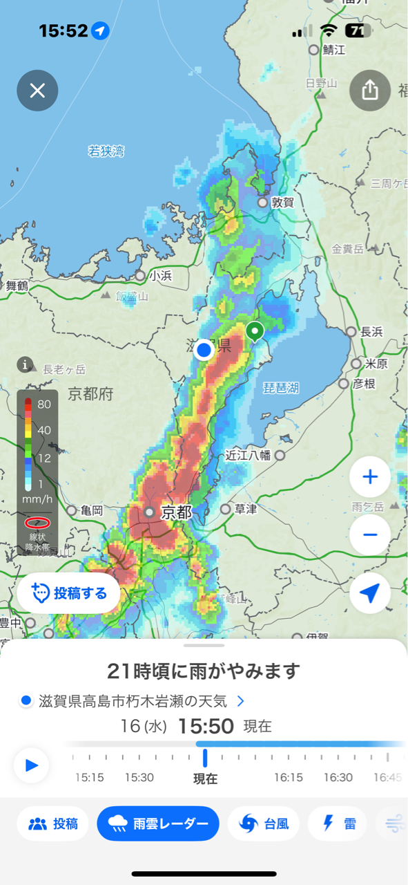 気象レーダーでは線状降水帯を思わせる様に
--
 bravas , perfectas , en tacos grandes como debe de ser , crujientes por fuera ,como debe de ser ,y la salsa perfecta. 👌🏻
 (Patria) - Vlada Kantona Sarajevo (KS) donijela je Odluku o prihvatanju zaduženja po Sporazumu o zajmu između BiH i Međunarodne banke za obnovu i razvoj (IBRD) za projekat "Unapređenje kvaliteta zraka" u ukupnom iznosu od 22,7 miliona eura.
==
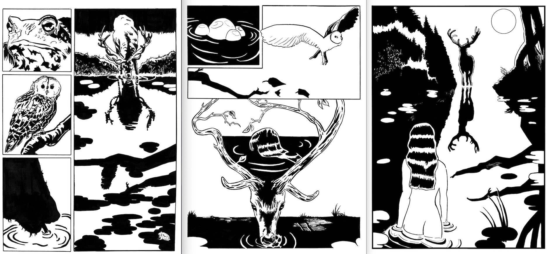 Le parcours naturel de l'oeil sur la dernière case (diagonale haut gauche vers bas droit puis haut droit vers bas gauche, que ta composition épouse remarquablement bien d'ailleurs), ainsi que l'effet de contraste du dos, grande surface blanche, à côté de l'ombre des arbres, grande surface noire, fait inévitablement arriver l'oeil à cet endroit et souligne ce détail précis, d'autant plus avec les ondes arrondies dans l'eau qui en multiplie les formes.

- **ASSIGNMENT**: I'd like the lines above from the one with "bravas , perfectas" up to and including the one with "(Patria) - Vlada" copied exactly, with no other lines.

- **EXERCISE RESPONSE**:
 bravas , perfectas , en tacos grandes como debe de ser , crujientes por fuera ,como debe de ser ,y la salsa perfecta. 👌🏻
 (Patria) - Vlada Kantona Sarajevo (KS) donijela je Odluku o prihvatanju zaduženja po Sporazumu o zajmu između BiH i Međunarodne banke za obnovu i razvoj (IBRD) za projekat "Unapređenje kvaliteta zraka" u ukupnom iznosu od 22,7 miliona eura.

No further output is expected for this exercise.